Google recently announced the future launch of “ultra-high-speed broadband service” in nine metro Atlanta cities. But remarkably, Dunwoody was not on the list.

The company’s announcement, similar to recent proclamations from AT&T, didn’t reveal much more than a future promise of gigabyte speed service. While the “when and how much” are to be determined, the real question coming out of the flurry of media activity is “Why isn’t Dunwoody on the list?”

Measuring the number of letters and calls I received, it’s clear there’s broad interest in having these services offered in Dunwoody. And to address those inquiring minds – YES, the City of Dunwoody shares your interest and has actively pursued inclusion on the list of cities.

In fact, our efforts go back to 2010 when we ambitiously submitted the city’s original application for the Google Fiber project. Since Dunwoody was not included in Google’s initial announcement last year, we’ve persistently reached out to Google Fiber, as well as the cities that were shortlisted, to help determine how and when the company planned to bring this technology to the Atlanta area.

The question of “Why not Dunwoody?” has not been addressed precisely. When asked, we were informed: “…we wanted to make sure we didn't bite off more than we could chew. So, we had to draw the line somewhere.”

This is especially perplexing given our application and adjacency to selected cities, some of which did not exist or apply when the original RFI was issued.

We also reached out to AT&T regarding their U-verse with GigaPower initiative. The City has met with AT&T and provided all requested information as they too are considering which cities to add to their final targeted list for expansion.

I strongly believe Dunwoody is an appealing market for an array of broadband service providers. Our city has a streamlined construction permitting process and collaborative policies and procedures which make Dunwoody an attractive community for broadband companies to provide service.

Future interest in making connections available in Dunwoody will grow as companies move forward with identified plans. But it’s also important to remember this is not an overnight process.

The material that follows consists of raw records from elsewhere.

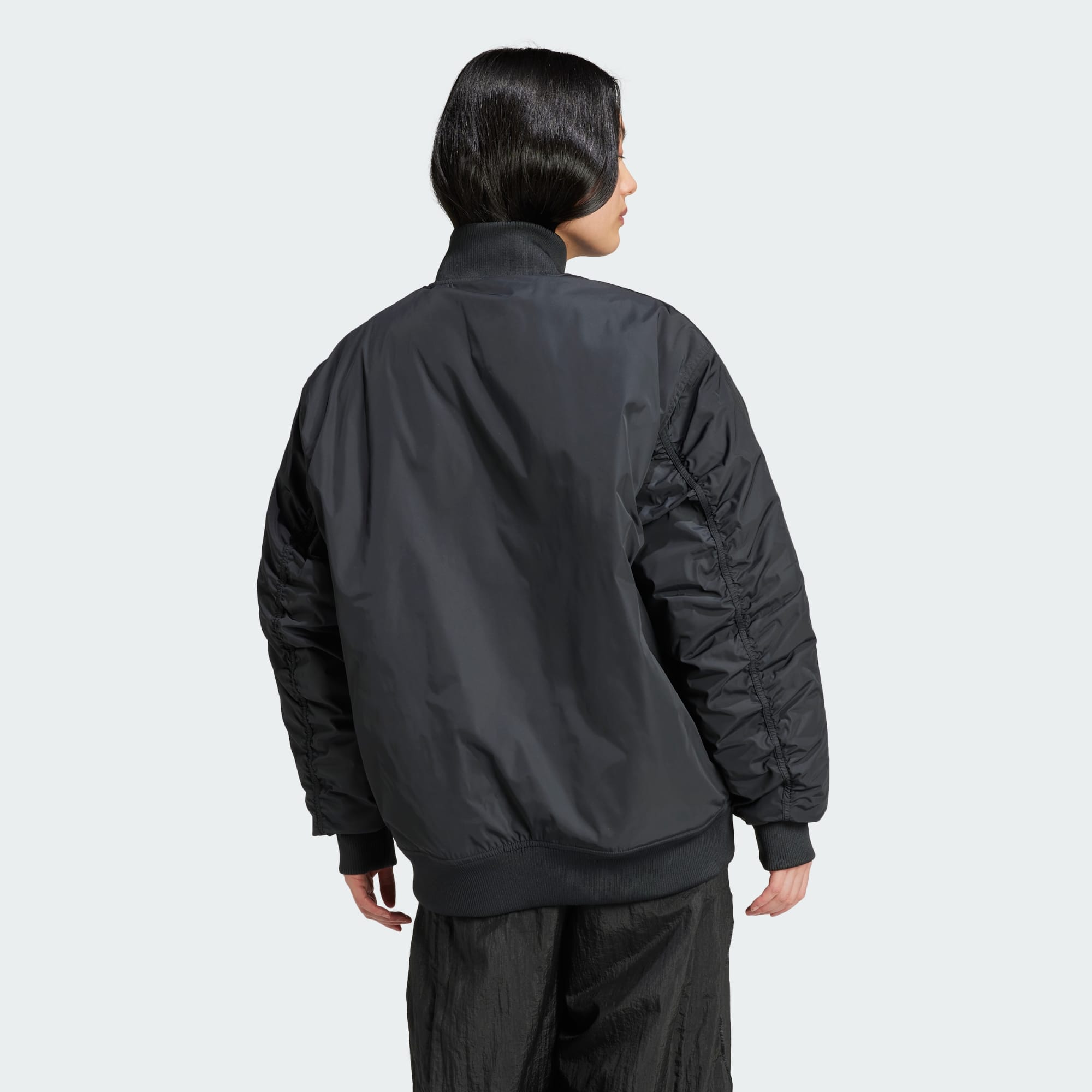 Een minimalistisch bomberjack dat is gemaakt met gerecycled materiaal.
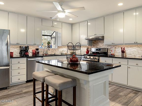 Welcome to your dream waterfront oasis in the heart of River Bend! This exquisite 3-bedroom, 2-bathroom home offers a perfect blend of luxury, comfort, and serene water views. As you enter inside, you'll be greeted by an abundance of natural light that floods through the open living room, seamlessly connecting to the dining area and kitchen. The focal point of the living room is a charming fireplace, creating a cozy atmosphere for those relaxing evenings. French doors open up to a spacious back deck, providing a perfect spot to bask in the beauty of your surroundings. The kitchen is a culinary delight, boasting a stylish island, stainless steel appliances, a gas stove, and elegant granite countertops paired with a beautiful backsplash. Whether you're an aspiring chef or simply enjoy cooking, this kitchen is sure to inspire your culinary creativity. The owner's suite is a retreat of its own, offering spaciousness and comfort. The ensuite bathroom features a walk-in shower, adding a touch of luxury to your daily routine. Head outside to discover a 2-tiered deck, an ideal space for grilling and entertaining guests. The fenced-in backyard area ensures privacy, making it the perfect setting for outdoor gatherings or simply enjoying a peaceful moment by the water. Take in the beauty of the surroundings, with a dock and boat lift at your disposal, ready to fulfill all your waterfront adventures. Convenience is key, as this home is just a short drive away from Historic Downtown New Bern and the Carolina East Medical Center. Experience the perfect blend of luxury, comfort, and waterfront living in this stunning River Bend home. Call us today to schedule your private tour.
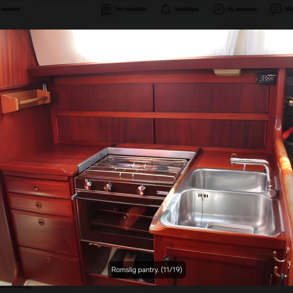 🍴 Comfort: 2-burner gas stove, fridge with freezer, toilet with holding tank, 100-liter water, diesel heater, swim platform with ladder
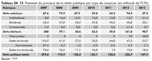 Payment of the principal of the public debt by type of creditor (in billions of CFA francs) between 2007 and 2013

Neither of the companies has shared details of their official selection criteria with us but as they study the neighboring communities, Dunwoody will be taking advantage of this opportunity to fully demonstrate itself as community prepared and ready for the technologies of the future. Our adjacency to selected cities, as well as the presence of existing fiber in parts of Dunwoody, bodes well for future service offerings and expansion.

While Google Fiber currently is not expanding its list of area cities, from observing the process unfold in Kansas City it’s highly likely their service provision expansion will ultimately continue once they have a foothold in the Atlanta market.

I’ll leave you with a call to action to run in tandem with the city’s efforts. Google may roll out service based on potential demand, so I would recommend interested Dunwoody residents follow the city’s energies and reach out to Google to let them know we’re here and we’re ready.

Visit https://fiber.google.com/cities/atlanta/home/ to log in your address and get updates on the future of Google Fiber. You can call (residential inquiries: (866) 777-7550 or Small Business inquiries: (855) 418-8326) or just send a letter to Google Fiber Customer Support 1600 Amphitheatre Parkway Mountain View, California 94043.

Let’s show a little Dunwoody pride and demonstrate how our voices, when brought together, can make a difference.